George Francis Fitzgerald
by Denis Weaire (Editor)
Paperback: 160 pages
Publisher: Living Edition
Price: €25.00 (+P&P)
Denis Weaire FRS, one of Fitzgerald’s successors as Erasmus Smith Professor of Natural and Experimental Philosophy in Trinity College Dublin, has gathered together a wealth of information and critical comment on one of the 19th century’s most imaginative and inspiring physicists.
It includes five essays originally commissioned by Weaire for the European Review, together with notes on Fitzgerald's publications and other records of his career. The list of his papers extends far beyond the supposedly complete Scientific Writings edited by Joseph Larmor, so they may fairly be described as brief but hardly sparse.

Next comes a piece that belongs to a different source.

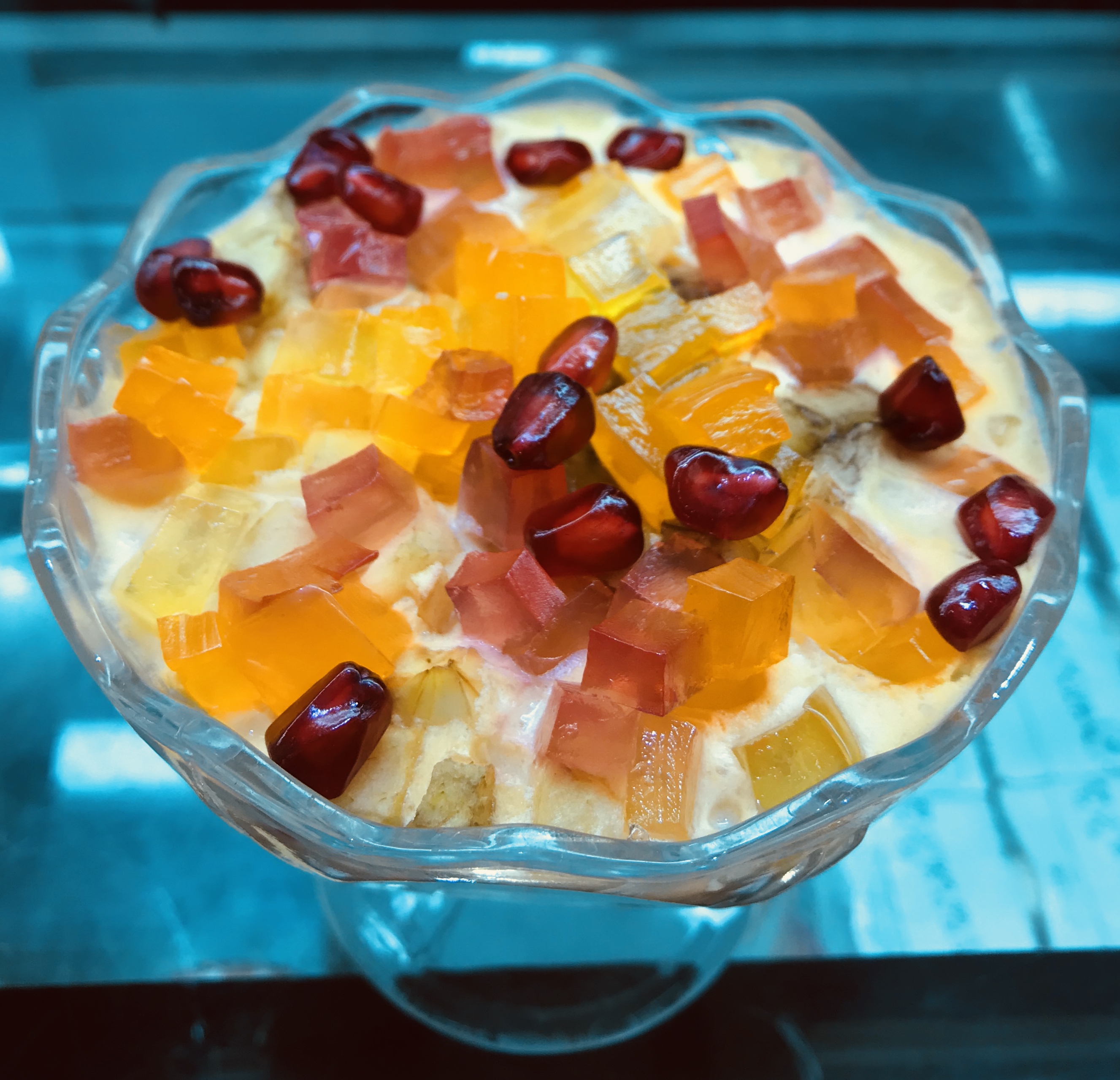 We have a lot of fun faluda yoghurt here with some pomegranate pieces made with marmalade.

But his chief influence remains to be found in his correspondence. This publication coincides with the opening up of the Fitzgerald Correspondence by the Royal Dublin Society to the wider world of scholarship, through Web access. It is an extraordinary record of the “invisible college” that centred on Fitzgerald, not just in electromagnetic theory, the invention of radio and the early hints of relativity, but over a wide range of pure and applied science.

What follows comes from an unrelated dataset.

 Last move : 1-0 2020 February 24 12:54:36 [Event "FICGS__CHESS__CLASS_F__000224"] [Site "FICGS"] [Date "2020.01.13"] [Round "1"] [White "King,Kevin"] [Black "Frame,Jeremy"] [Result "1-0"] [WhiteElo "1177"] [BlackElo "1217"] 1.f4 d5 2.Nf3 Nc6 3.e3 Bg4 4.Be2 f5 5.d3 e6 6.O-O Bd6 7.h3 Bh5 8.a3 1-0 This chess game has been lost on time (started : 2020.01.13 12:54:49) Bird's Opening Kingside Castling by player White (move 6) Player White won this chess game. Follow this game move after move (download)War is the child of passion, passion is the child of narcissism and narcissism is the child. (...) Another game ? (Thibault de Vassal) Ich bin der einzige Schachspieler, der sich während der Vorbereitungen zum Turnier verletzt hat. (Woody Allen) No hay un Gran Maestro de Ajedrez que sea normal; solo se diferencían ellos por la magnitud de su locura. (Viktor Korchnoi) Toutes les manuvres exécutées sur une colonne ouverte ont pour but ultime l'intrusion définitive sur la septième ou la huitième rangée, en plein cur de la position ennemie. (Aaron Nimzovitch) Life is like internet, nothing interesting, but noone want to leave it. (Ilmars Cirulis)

George Francis Fitzgerald (1851-1901) was the leader of the Maxwellians, who supported and applied Maxwell’s electromagnetism. He was a towering figure in physics, but was neglectful of his own reputation, so his many contributions are poorly appreciated - in the birth of radio communication, in early ideas about relativistic effects, and much else. This book, together with his extensive correspondence, held by the Royal Dublin Society, can be used to delve into his extraordinary career.